Despite the Anglican, Presbyterian and Methodist influences from her up-bringing, Ihram became Baptist finding them to be "very inspirational." She then moved to an Islander church in North Queensland, and studied theology by correspondence from the Baptist sector. Ihram became a born-again Christian in 1968, and participated in missionary work with the Children's Special Service Mission (CSSM) in the late 1960s and early 1970s.

In 1976, during an extended trip to Indonesia, Ihram had a "personal revelation that I had to become a Muslim" and converted to Islam, changing her name to Silma Ihram. She was followed soon after by her Irish Catholic husband. She subsequently returned to university, this time at the University of Sydney, completing a Bachelor of Arts in Southeast Asian Studies and Modern History. She established the first Muslim Women's Shop and Centre in 1979.

==Career in education==
In the early 1980s, Silma Ihram, then the proprietor of the Muslim Women's Shop and Centre, approached her old school, the Presbyterian Ladies' College, Sydney, looking to enrol her daughters. It was reported that her request for the school to allow her daughters to be accepted as Muslims, including the wearing of a Hijab with the uniform, was rejected. Subsequently, and also due in part to the lack of Muslim schools in New South Wales, Ihram looked to establishing her own independent school in South-western Sydney.

In 1983, Ihram and her then husband, Siddiq Buckley, set up the Al-Noori Muslim Primary School at Greenacre, named after a Kuwaiti benefactor who had donated A$5,000. The school was forced to move nine times in four years, to such places as a house in Lakemba, a Hall in Canterbury, and a marquee in the Buckley's backyard. According to Ihram, this was due to an inability to "get registration from government without development approval from the council" as "no council would accept us." These problems with council have been a feature of Ihram's schools to this day.

Ihram took her case to the Land and Environment Court, and after two actions to force Bankstown Council to give official approval, a primary school for 105 children was established in 1987. Ihram and her husband faced angry protests due to the schools slogan, Good Muslims make Good Australians.

The school also received little support from Muslim community organisations, making the struggle even more difficult, and creating a credibility problem within the media. Buckley identified the Muslim community itself as a stumbling block, describing it as "internally factionalised, ethnically diverse, politically impotent, intellectually moribund." The school had little access to overseas Islamic charities to provide funding, and subsequently Ihram and her husband struggled to sufficiently equip their school. Assistance came in the form of individual families, with one mother offering to sell her home, rather than see the school close. Despite the setbacks and racism faced by Ihram, enrolments at the school were strong, and Muslim education was given a foothold in Sydney. In 1992, Ihram again returned to university, completing a Master's in Education Administration at the University of New South Wales, to aid her running of the school.
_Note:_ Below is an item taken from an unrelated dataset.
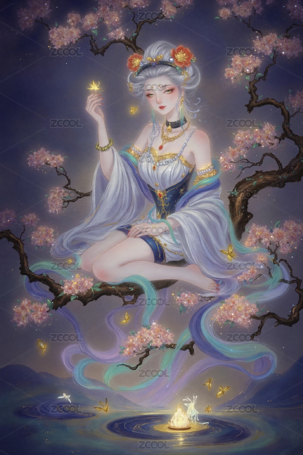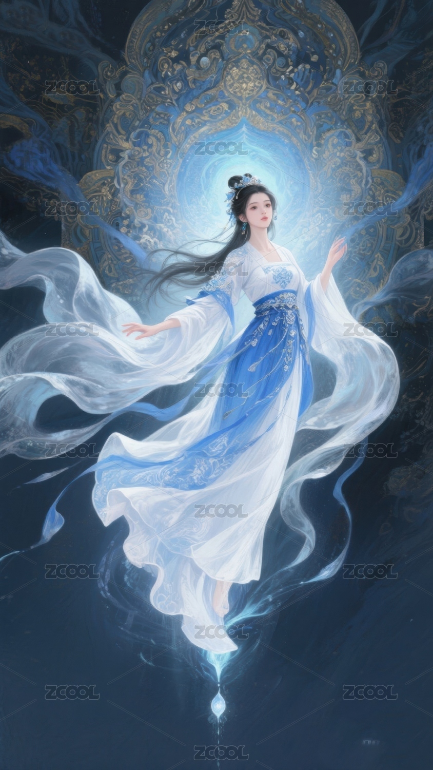 少女,蓝色,飘逸,创意,享乐,艺术,美女,佛教,中国文化,全身像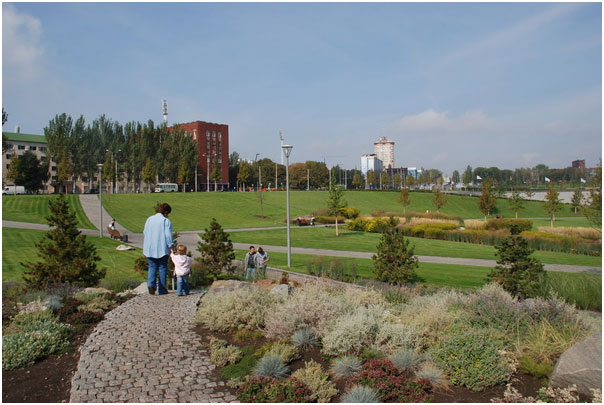 Вокруг стадиона «Донбасс Арена» расположена большая парковая зона в 25 га. Эта территория является крупнейшим рекреационным центром, открытым для жителей и гостей города ежедневно. Проектировщики парка – специалисты известной немецкой компании FAGUS.

Al-Noori received positive attention when it was revealed that Ihram had encouraged her students to lobby for the release of an Australian pilot held hostage in Kuwait, who was the grandson of one of the school's elderly neighbours. According to Mr. Bukley, it was "probably the first time in Australia that Muslims were portrayed as both patriotically Australian and genuinely Muslim", and had a positive impact on the school. This was however not the end of Ihram's problems. She had divorced her husband and opened a second school, the Noor Al Houda Islamic College (meaning "The Guiding Light"), this time for high school students, and a board battle ensued that ended in the Supreme Court of New South Wales.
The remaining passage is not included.